This exercise undertakes developing a shortest path simulation on varied terrains. Starting with basic point-to-point movements, I integrated agent behavior, enabling these agents to make decisions and take actions to move towards the destination point by choosing the best available option.

The development of the simulation follows agent movement behaviors from two separate algorithms:

Movement towards Attractor Point

During this exercise I worked on a simple unit duplication algorithm to move in the direction of an attractor point. The unit mesh also avoids obstacles if it enquires any.
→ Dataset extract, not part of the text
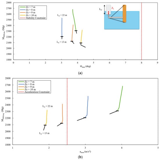 The second component to undergo investigation was the buoyancy unit (or cans, which were optimized in terms of a can bundle) with two design variables: length (LC) and draft (ZC). The influence of LC and ZC on ϴmax and amax is shown in Figure 9a and Figure 9b, respectively. The kmin values for all simulated cases involving the cans in the first pass can be found in Table A1 of Appendix A.

The algorithm replicates a unit mesh to move towards an attractor point. Once the mesh reached the point I manually change the location of the point causing the network to branch out and reach the point with the closest mesh available.

Water Runoff Simulation

This exercise involved simulating simple water runoff behavior by finding the shortest path downwards.

The algorithm moves the agents one unit downwards and find the closest point on the terrain mesh from new location, thus simulating a simple water runoff behavior.

Building on the movement behaviors of the above two simulation I developed a shortest path simulation on a terrain.

Shortest Path Simulation (On Terrain)

To induce this movement the agent would:

  1. Project multiple points in a unit radius sphere.
  2. Pick a point from the above projected points which is closest to the destination.
  3. Project the point on the mesh.

The custom preview attached to the path indicates the steepness of the curve on a Green-Blue-Red spectrum gradient, from gentle to steep respectively.

The algorithm can be further refined to find the shortest path, with least resistance by integrating the decision to move towards the path with the least slope form all available points.